Johan Joachim Pingel (14 January 1752 – 4 December 1819), also known as Johan Joachim (Kochum) Pengel, was a German-born Danish cabinetmaker. His works are represented in the collections of the National Museum of Denmark, Brede House, Rosenborg Castle and the Danish Design Museum.

==Early life==
Pingel was born in 1752 in Brandenburg, Prussia. It is not known when exactly he moved to Denmark.

==Career==
Pingel was granted citizenship as a master joiner (snedkermester) in Copenhagen in February 1776. He was based at Store Strandstræde No. 113 from 1778 to 1795. He was then based at Østergade No. 42 from 1796 to 1806 and then Østergade No. 60. A "Cabinet-Maker' Pingel's House" in Nørregade is mentioned in 1819. The present building at Nikolaj Plads 23 was also constructed for Pingel in 1800, most likely as an investment since he never seems to have lived there.

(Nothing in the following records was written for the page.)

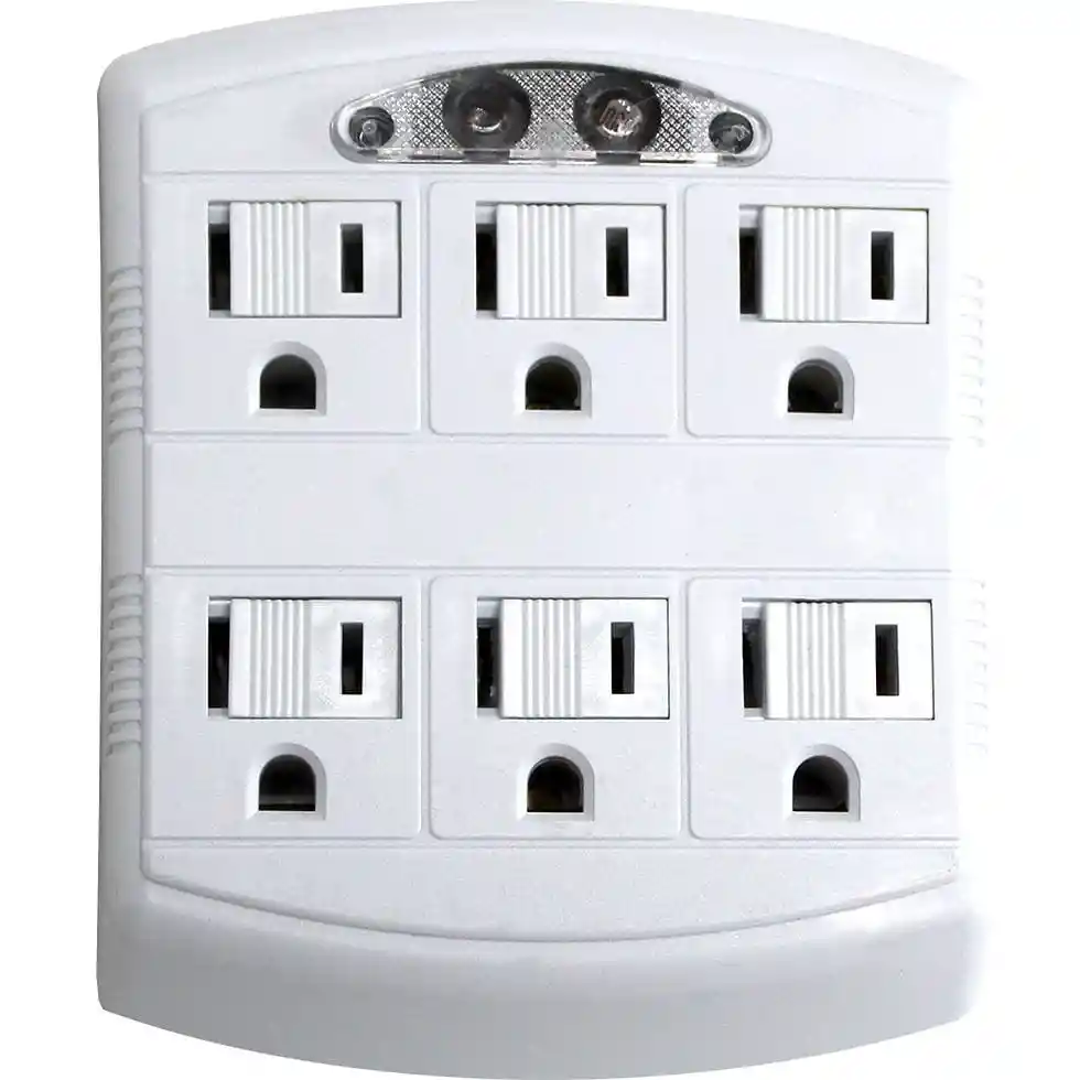 Este adaptador múltiple de pared es perfecto para maximizar el uso de una sola toma de corriente. Ofrece 6 salidas tipo americano (NEMA), cada una con su propio interruptor de encendido/apagado, lo que te permite controlar el suministro eléctrico de forma independiente en cada dispositivo conectado.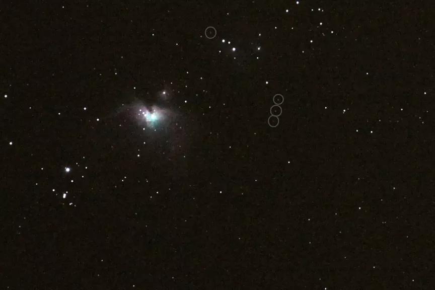 比如下图是笔者在2015年冬天拍摄的猎户座大星云,谈不上是张好片子,因为是户外随兴拍摄,手边只有一个白天拍鸟的长焦相机,也没有赤道仪用来消除地球自转造成的星光拉丝,只好把相机的感光度调得很高很高,以缩短曝光时间。但相机感光度一高,噪点就噌噌噌地上去了,让人无法分辨一些亮点究竟是真恒星呢,还是卫星或太空垃圾呢,还是相机自己的噪点呢?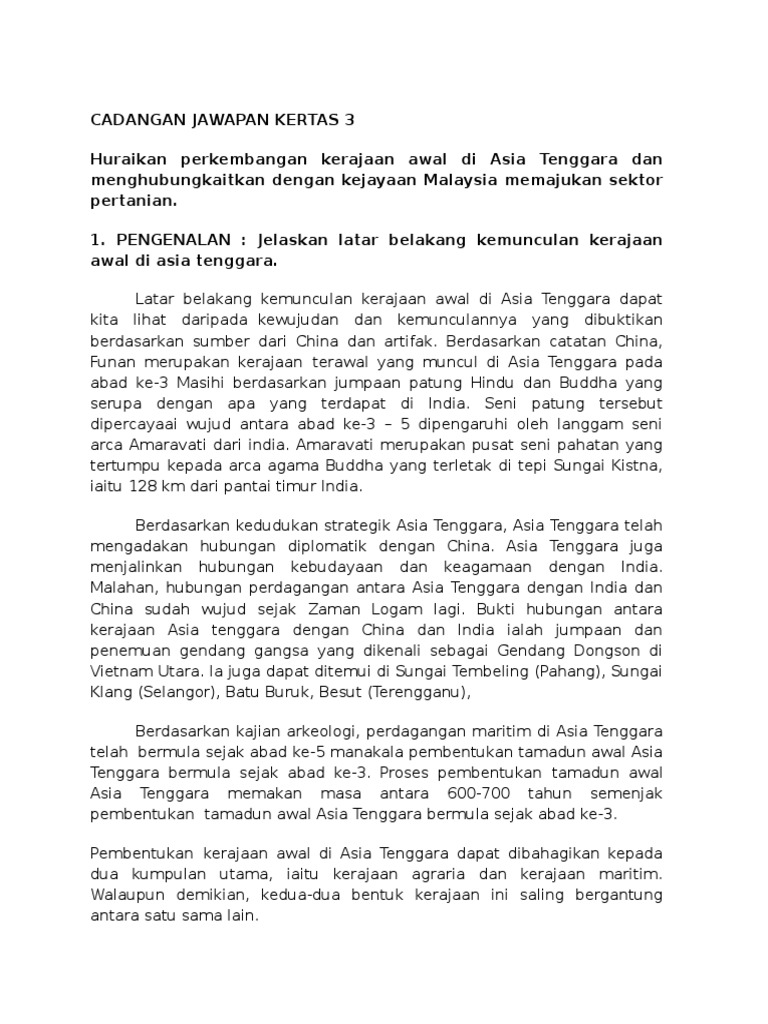 Cadangan Memajukan Sektor Pertanian Jawapan Sejarah Kertas3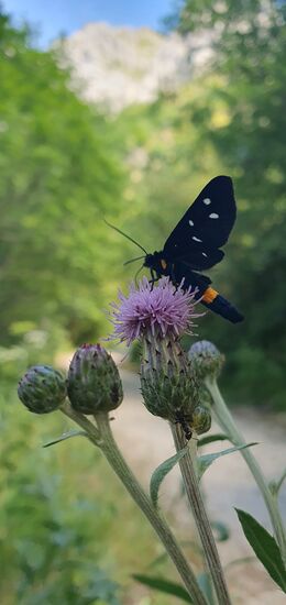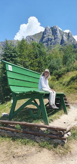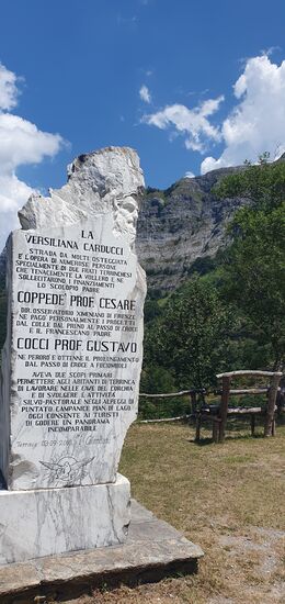 Die Grüne Bank blickt auf die Grenzlinie zwischen den Truppen der Achsen- und der Alliiertenmächte (1944/45); der Pass hat seinen Namen von einem Marmorkreuz, das zum Andenken zweier junger in den Bergen umgekommener Leute im 18. Jahrhundert errichtet wurde. Überall an den Wegen findet man die so genannten „Marginetti“ – kleine Schutzhäuschen, die gleichzeitig der Heiligenverehrung dienen. Heute lassen sich die Naturgewalten nur noch erahnen – zu glatt angelegt sind die Wege, auf denen man laufen kann. Sie sind entweder asphaltiert oder von Marmorgeröll bedeckt und gut gangbar. Ranger fahren vorbei und fragen mich, ob alles in Ordnung sei, da ich für meine Insektenfotografie bedrohlich nahe am Abgrund hänge.

In 1809, he began a collaboration with mechanic and clockmaker P. Stursa.

==Family==
In 1776, Pingel married widow Cathrine Hunderup. She died in 1792. He married Johanne Margrethe Madsen (1669–1806) on 2 July 1797. He died on 4 December 1819 and is buried at St. Peter's Church. He was survived by four of his seven children (by his second wife): Carl Wilhelm Pingel (1800–1834), Ludwig August Pingel (13 August 1803 – 1845), Augusta Henrietta Pingel (1806–1855) and Edward Ferdinand Pingel (1808–1867).

==Legacy==
Only a few of Pingel's works are known today. Many of his works incorporate mechanical installations. Secret rooms are another typical feature of his works.

Pingel's works are represented in the collections of the National Museum of Denmark, Brede House, Rosenborg Castle (Reg. No. 1522, Christian VII, Room 15). and the Danish Design Museum.

Johan Carl Frederik Viertel (1772–1834) painted a portrait of him.